-- GIVEN INFORMATION --
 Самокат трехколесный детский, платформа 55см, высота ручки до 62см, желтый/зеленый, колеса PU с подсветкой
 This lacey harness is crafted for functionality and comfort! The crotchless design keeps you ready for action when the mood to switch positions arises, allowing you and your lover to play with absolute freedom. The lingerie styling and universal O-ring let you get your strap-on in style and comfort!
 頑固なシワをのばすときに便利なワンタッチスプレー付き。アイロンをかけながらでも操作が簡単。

-- ACTIVITY --
Your answer should be exactly the lines of the material above, starting at the one that holds "This lacey harness" and ending with the last.

-- OUTPUT BELOW --
 This lacey harness is crafted for functionality and comfort! The crotchless design keeps you ready for action when the mood to switch positions arises, allowing you and your lover to play with absolute freedom. The lingerie styling and universal O-ring let you get your strap-on in style and comfort!
 頑固なシワをのばすときに便利なワンタッチスプレー付き。アイロンをかけながらでも操作が簡単。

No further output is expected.